The UK saw its fourth TV channel - Channel 4 - launch in 1982, although their first major historical drama didn't launch until 1983. This was a joint enterprise with RTE in Ireland - The Irish RM, a series starring Peter Bowles as a Resident Magistrate in early 20th century West Ireland when it was still part of the United Kingdom. It was a gentle comedy drama that ran to three series, coming to an end in 1985. During its run, two other distinctive series arrived - one on the BBC and one on ITV. The BBC production was a version of the 1935 children's fantasy novel The Box Of Delights by John Masefield: it starred one-time Doctor Who Patrick Troughton and ran for six episodes in late 1984. Over on ITV, a series which would run for a little bit longer than that - and a series based on an even more famous set of literary works: this was The Adventures Of Sherlock Holmes starring Jeremy Brett in the title role. A special "Baker Street" set was built at Granada TV studios in Manchester - and of the 60 Holmes stories written by Arthur Conan-Doyle, 42 of them were adapted for the series and many fans view it as the definitive TV representation of the famous sleuth. 

The Irish RM
(Channel 4 - 1983 - 1985)



















The Box Of Delights
BBC (1984)


























Jeremy Brett as the titular sleuth
The Adventures Of Sherlock Holmes
Granada TV (1984 - 1994)
Amongst other mid-80s offerings, the BBC returned to tried and trusted "classic" adaptations with a trio of Dickens' novels: Dombey & Son in 1983 - and then in 1985, Bleak House. This latter work ran to eight episodes, and had an all-star cast with Diana Rigg, T.P.McKenna, Peter Vaughan and Denholm Eliott. That same year also saw The Pickwick Papers - not quite as packed with stars, but at twelve episodes and a suitably quirky signature tune by Carl Davis to match the style of the novel, it too was very well received. ITV ran with a couple of its own dramas, both a little light-hearted and both good ratings winners for the channel. It launched Shine On Harvey Moon in 1982, a comedy drama starring Kenneth Cranham as a recently de-mobbed RAF pilot who has to adjust to a very changed world back at home. Written by Lawrence Marks and Marcus Gran (who would later create Birds Of A Feather and Goodnight Sweetheart) and produced by Central TV, it ran to 41 episodes across five years. The theme music was Shine On Harvest Moon, first written back in the early 1900s by Nora Bayes and Jack Norworth. It came to an end in 1985. Meanwhile in 1983, Granada TV had launched Brass. This comedy drama was set in the 1930s and pretty effectively parodied a number of the worthy costume dramas of earlier years - particularly Hard Times. It starred Timothy West (who had appeared in Hard Times) as the head of a wealthy dynastic family (The Hardacres) and Barbara Ewing as the rebellious head of a poor, working class family who worked in a factory owned by West's character. It ran to 31 episodes across three years. 
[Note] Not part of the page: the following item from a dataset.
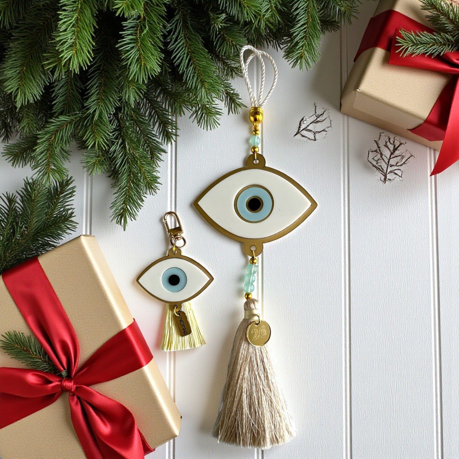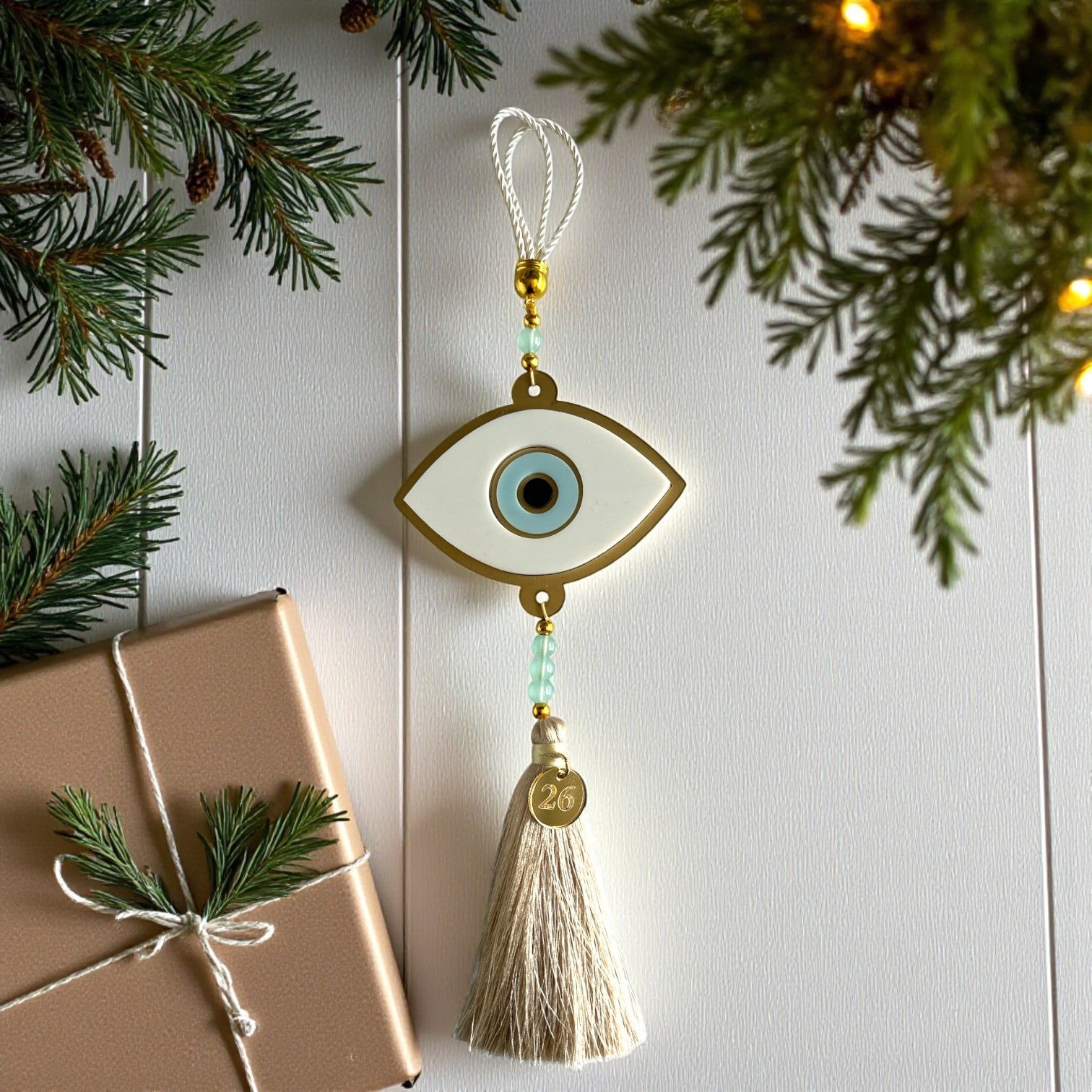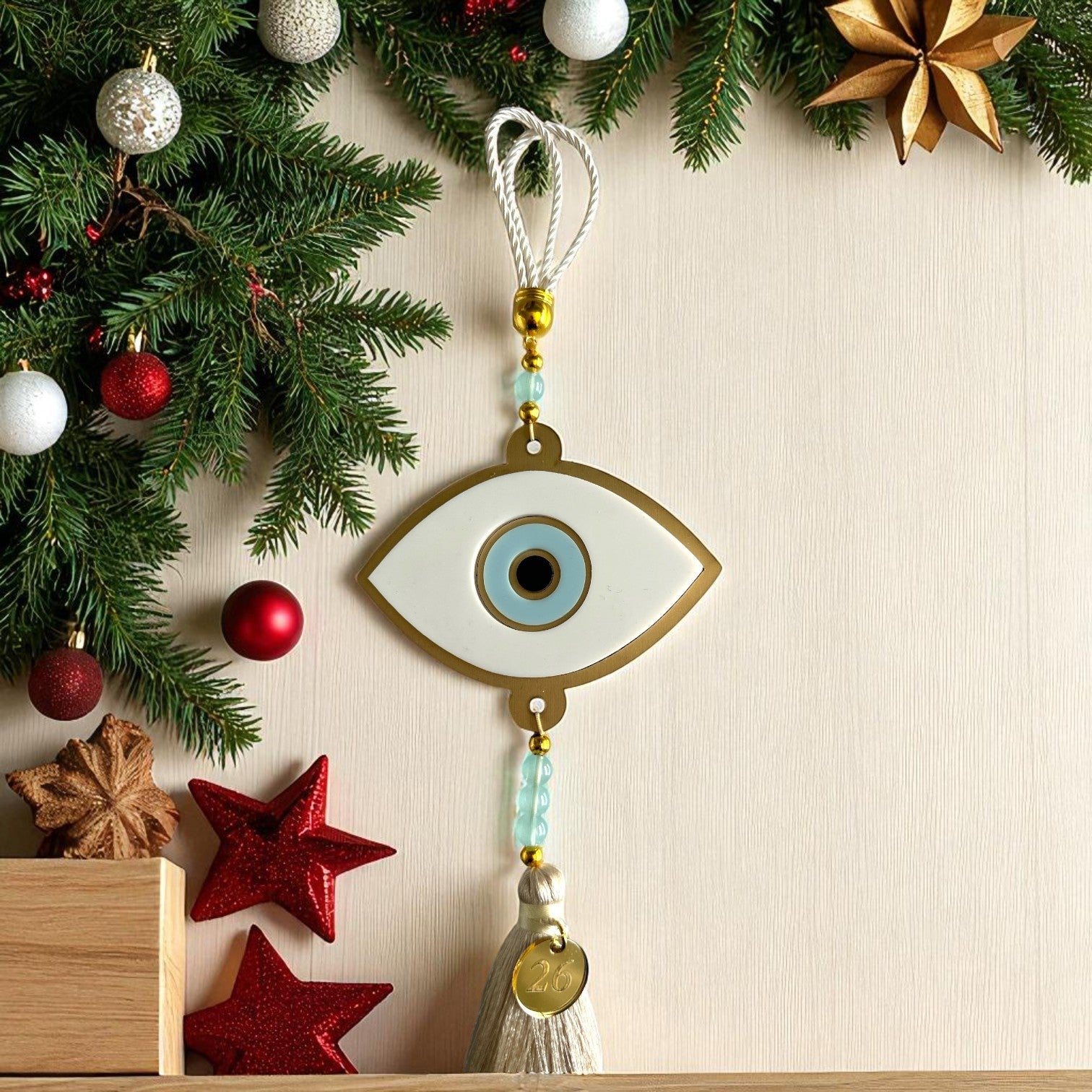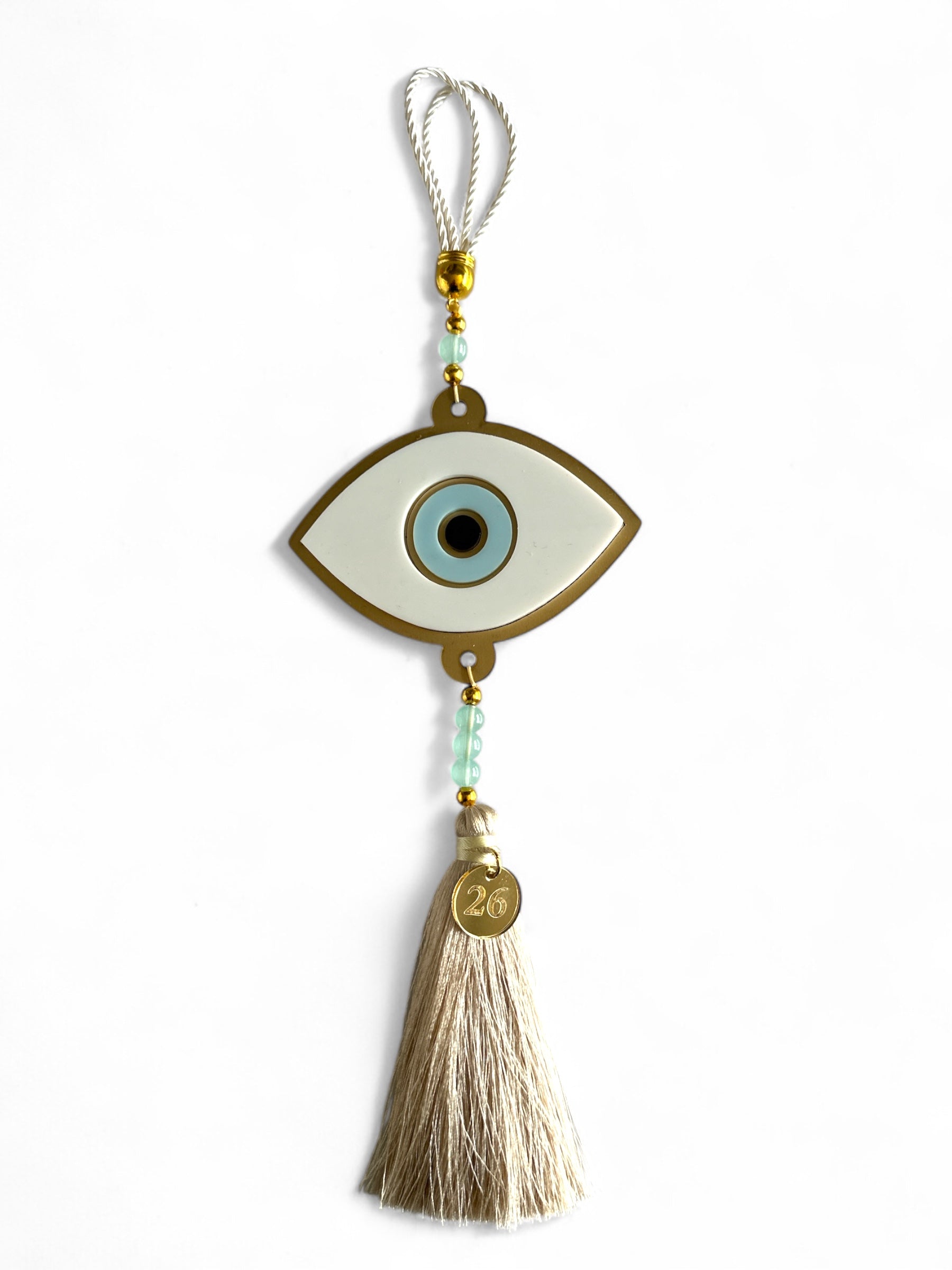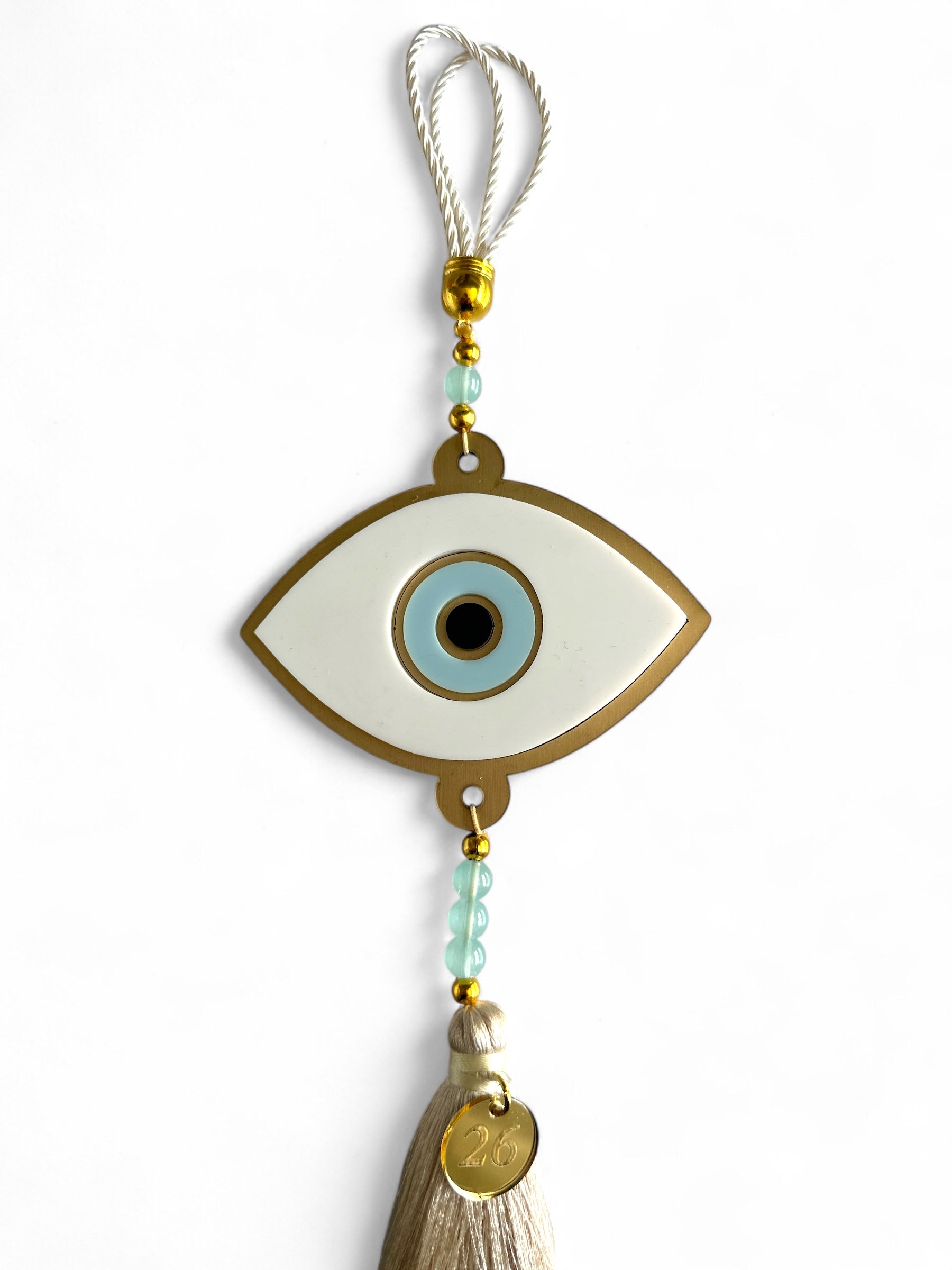 Ένα εντυπωσιακό χειροποίητο γούρι με minimal-luxury design, για να υποδεχθείς τη νέα χρονιά με στυλ και θετική ενέργεια. Το μάτι οβάλ με πλάτη από χρυσό ματ καθρέφτη, λευκά και γαλάζια plexiglass στοιχεία, στολίζεται με χάντρες και πολυτελή φούντα με μεταλλικό tag 2026.

The Pickwick Papers with Nigel Stock as the eponymous
founder of The Pickwick Club.
BBC (1985)


Shine On Harvey Moon
Central (1982 - 1985)

Timothy West and Caroline Blakiston as the wealthy
Hardacre Family in Brass
(Granada - 1983-4/1990)


There are three more drama series that need to be looked at before the 1980s draws to a close. One is an original drama produced by the BBC whilst the other two - one each from the BBC and ITV - turned out to be iconic shows in more ways than one.

The District Nurse
BBC (19841987)
The first BBC offering was The District Nurse, a drama set in the industrial and mining areas of South Wales in the 1920s: pre-NHS and pre-war, Nerys Hughes (as the District Nurse) fought hard with limited resources to try and make the *lot* of the local people a better one. The odds were often against her and it proved to be popular, running to three series with 36 episodes through to 1987. The third and final series was relocated to a Welsh coastal town in the 1930s: the 12 episodes were expanded to an hour in length and The District Nurse was now working with a father and son medical practice. 

The District Nurse was created by Tony Holland and Julia Smith who would shortly move on to an even more "gritty" television enterprise: Eastenders.  





So: these iconic shows. Both were based on a series of crime novels by Agatha Christie - the BBC opted for adapting the works based on Miss Marple (in 1984) whilst ITV acquired the books based around the Belgian sleuth Hercule Poirot (from 1989). Miss Marple took each of the books and produced twelve two-hour dramas from them. Marple - the octogenarian *detective* - was played by Joan Hickson who seemed to fit the role like a glove. Right from the start, the critics loved the series and the BBC sold the show to a wide range of countries around the world. The last show was broadcast in 1992, although a re-boot of the character starring Geraldine McEwan was launched in 2004 on ITV and we shall return to that later on. Poirot was altogether a more ambitious enterprise and was launched in 1989 by London Weekend Television. Poirot was played magnificently by David Suchet and it seems unbelievable, but some 70 episodes (many feature length) were made across the years, the last one only being aired as recently as 2013. By this time, the series was being produced by an independent company - Agatha Christie Productions - on behalf of the now unified ITV network.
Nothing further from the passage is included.